- The Washington Times - Friday, November 28, 2003

As our military men and women continue to do a great job to keep us safe and secure, a heated debate has broken out over whether veterans should receive both disability pay and retirement pay. This issue is called concurrent receipt.

As usual, there’s a lot of finger pointing in Washington and misrepresentation of the facts.

When a veteran retires, military pension benefits from Defense Department are reduced, dollar for dollar, by the amount of disability benefits received from the Department of Veterans Affairs (VA).

The Republican-led Congress has changed the current system to help America’s veterans.

This Congress is the first to take a serious look at military retiree benefits; Democratic Congresses under Presidents Bill Clinton, Jimmy Carter, Lyndon Johnson, John F. Kennedy, Harry S. Truman, Franklin D. Roosevelt and Woodrow Wilson failed to act on this important issue.

First, to help military retirees in desperate need, last year Congress established the Combat Related Special Compensation (CRSC) program.
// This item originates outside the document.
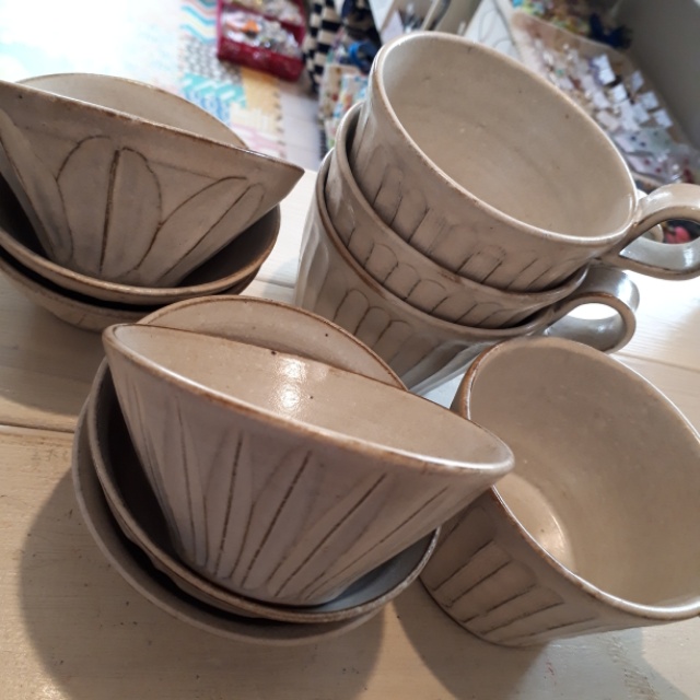 JUGEMテーマ:和食器通販 JUGEMテーマ:手作り/ハンドメイド雑貨 こんにちは(*^^*) めちゃくちゃ天気いいですね〜☆ 洗濯日和 今日は、久々に陶器作家のらくどさんが新作を納品してくれましたよ〜 スープマグカップ スタッキング出来るようになってて、サイズ感ばっちり! お皿も葉っぱ模様に削ってくれてて、おしゃれ〜 陶灯も、土台が付いてバージョンアップ 見にきてね〜(*^^*)

Under the CRSC program, tax-free benefits are available to military retirees who have at least 20 years of service and who have received the Purple Heart. The other way to become eligible for CRSC is to be at least 60 percent disabled as a result of armed conflict. This program became effective this May.

CRSC marked the first significant change to compensation for military retirees since 1892.
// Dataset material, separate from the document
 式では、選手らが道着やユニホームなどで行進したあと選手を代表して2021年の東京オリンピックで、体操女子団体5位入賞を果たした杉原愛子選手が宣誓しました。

Now, there is a second phase in helping disabled military retirees as well as our reservists and guardsmen. Republicans have proposed common-sense solutions that send more disability money to our veterans.

First, under the new plan, military retirees who are at least 50 percent disabled will receive both their disability and retirement pay starting in 2004 — phased in more than 10 years.

Second, the plan opens up eligibility for CRSC to all retirees with combat-related disabilities — regardless of the level of disability.

Next, CRSC eligibility would extend to all reserve and guard retirees with a combat-related injury. This provision is essential at a time when our Reservists and Guardsmen are playing such an integral role in our current war on terror.

Finally, the proposal would also authorize a study of disability guidelines, focusing on modernization and reform.

This historic plan establishes concurrent receipt for far more disabled veterans than have ever been covered by law. It’s a solution that’s fair, responsible and that properly honors our nation’s disabled veterans.

Yet, lobbyists who claim to be for veterans’ causes have cried foul, playing politics with veterans. Covered in the American flag, and sometimes in military medals, critics argue they won’t be happy until veterans receive 100 percent of disability and 100 percent retirement.

Now don’t get me wrong. I believe veterans should receive both. In fact, I joined more than 370 other members of Congress in co-sponsoring a bill that would do just that. However, those rallying for full concurrent receipt must not allow their well-intentioned zeal to blind them of real, substantial progress. To them I say, until Republicans took control of Congress, no Congress gave a darn about concurrent receipt. Until now, there was only rhetoric.

As a 29-year Air Force fighter pilot and a former prisoner of war in Vietnam, believe me, I know what military life is like. And I know how the military retirement and disabilities system work. I know things can be complicated, cumbersome and at times overwhelming.

It’s time veterans started contacting their local lawmakers and senators to back this new agreement. Contact Capitol Hill now.

Veterans, light up the switchboards and tell your U.S. representative and senators to support this common-sense compromise. Tell them veterans want this proposal passed by the end of the year.

We cannot let the perfect be the enemy of the good.

And we cannot let our veterans down. They’ve given our great country so much. It’s time they see something in return.

Sam Johnson, Texas Republican, is a member of the U.S. House of Representatives. Mr. Johnson served in the Air Force for 29 years. He was held captive in Vietnam for nearly seven years, spending 42 months in solitary confinement.